* [Problem requirements]: Starting at the line that contains "Костюм женский спорт-шик." and stopping after the line that contains "Mezclador de pintura/mortero", transcribe the listing below exactly; do not include any pictures.

* [Raw data]:
##############################
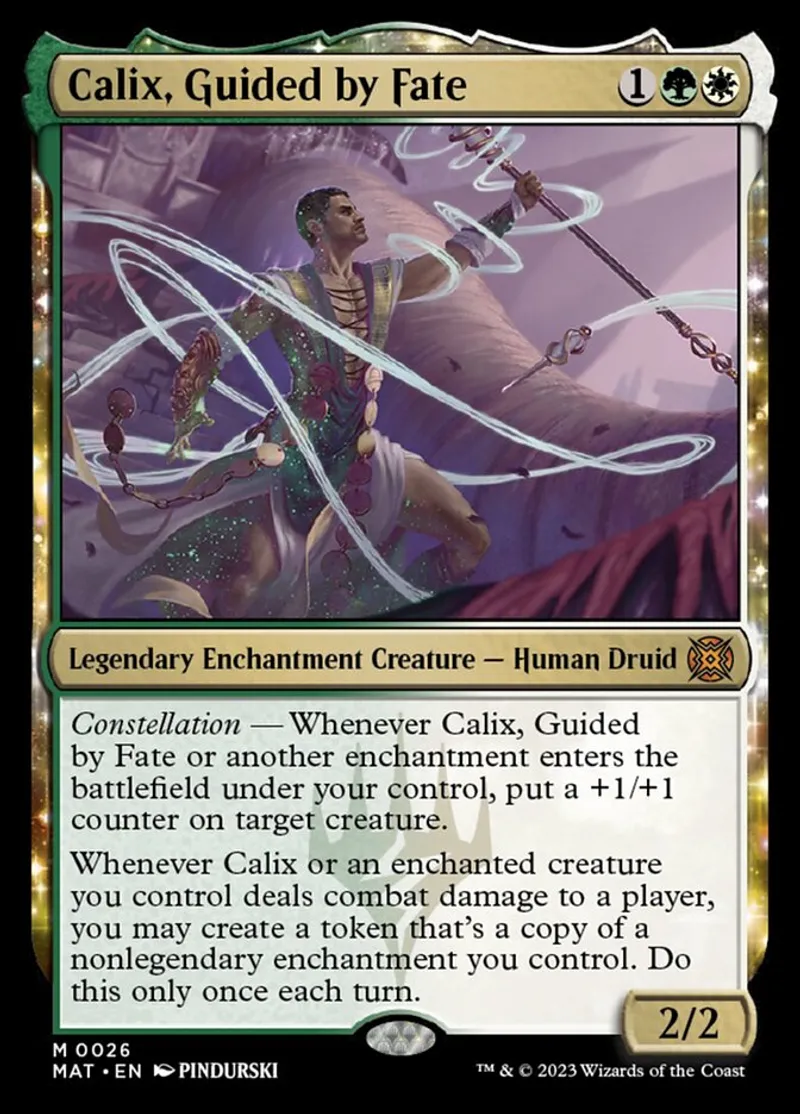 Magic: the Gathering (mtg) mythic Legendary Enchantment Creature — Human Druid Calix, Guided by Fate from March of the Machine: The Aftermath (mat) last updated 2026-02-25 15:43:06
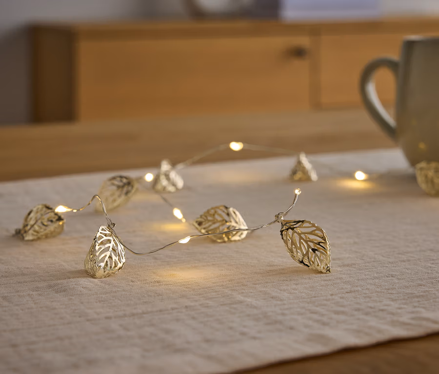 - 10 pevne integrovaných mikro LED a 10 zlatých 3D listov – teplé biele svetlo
##############################
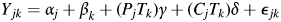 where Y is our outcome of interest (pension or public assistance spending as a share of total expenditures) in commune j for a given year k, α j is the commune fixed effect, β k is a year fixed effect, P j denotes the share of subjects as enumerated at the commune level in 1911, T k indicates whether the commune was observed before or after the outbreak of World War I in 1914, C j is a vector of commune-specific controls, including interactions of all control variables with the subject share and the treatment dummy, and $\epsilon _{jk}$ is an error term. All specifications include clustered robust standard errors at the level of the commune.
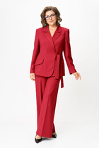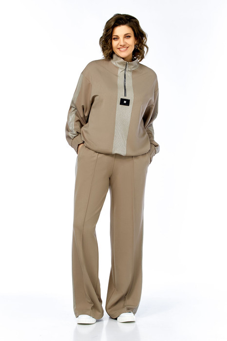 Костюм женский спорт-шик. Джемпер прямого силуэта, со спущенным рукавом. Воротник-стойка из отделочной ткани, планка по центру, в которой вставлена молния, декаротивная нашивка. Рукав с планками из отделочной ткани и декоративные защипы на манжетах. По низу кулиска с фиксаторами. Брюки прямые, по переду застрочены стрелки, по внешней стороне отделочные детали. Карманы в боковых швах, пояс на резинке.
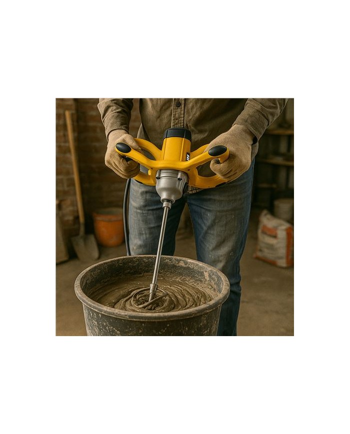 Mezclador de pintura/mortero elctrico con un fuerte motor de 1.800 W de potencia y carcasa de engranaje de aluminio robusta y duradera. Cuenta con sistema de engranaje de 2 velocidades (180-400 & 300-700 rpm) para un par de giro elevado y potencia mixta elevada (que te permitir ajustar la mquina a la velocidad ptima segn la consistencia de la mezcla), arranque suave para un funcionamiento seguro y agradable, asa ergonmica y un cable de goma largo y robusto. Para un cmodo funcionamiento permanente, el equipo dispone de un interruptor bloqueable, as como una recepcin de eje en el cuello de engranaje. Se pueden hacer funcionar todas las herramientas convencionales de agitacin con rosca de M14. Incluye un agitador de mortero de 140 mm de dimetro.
##############################
* [Solution for this task]:
 Костюм женский спорт-шик. Джемпер прямого силуэта, со спущенным рукавом. Воротник-стойка из отделочной ткани, планка по центру, в которой вставлена молния, декаротивная нашивка. Рукав с планками из отделочной ткани и декоративные защипы на манжетах. По низу кулиска с фиксаторами. Брюки прямые, по переду застрочены стрелки, по внешней стороне отделочные детали. Карманы в боковых швах, пояс на резинке.
 Mezclador de pintura/mortero elctrico con un fuerte motor de 1.800 W de potencia y carcasa de engranaje de aluminio robusta y duradera. Cuenta con sistema de engranaje de 2 velocidades (180-400 & 300-700 rpm) para un par de giro elevado y potencia mixta elevada (que te permitir ajustar la mquina a la velocidad ptima segn la consistencia de la mezcla), arranque suave para un funcionamiento seguro y agradable, asa ergonmica y un cable de goma largo y robusto. Para un cmodo funcionamiento permanente, el equipo dispone de un interruptor bloqueable, as como una recepcin de eje en el cuello de engranaje. Se pueden hacer funcionar todas las herramientas convencionales de agitacin con rosca de M14. Incluye un agitador de mortero de 140 mm de dimetro.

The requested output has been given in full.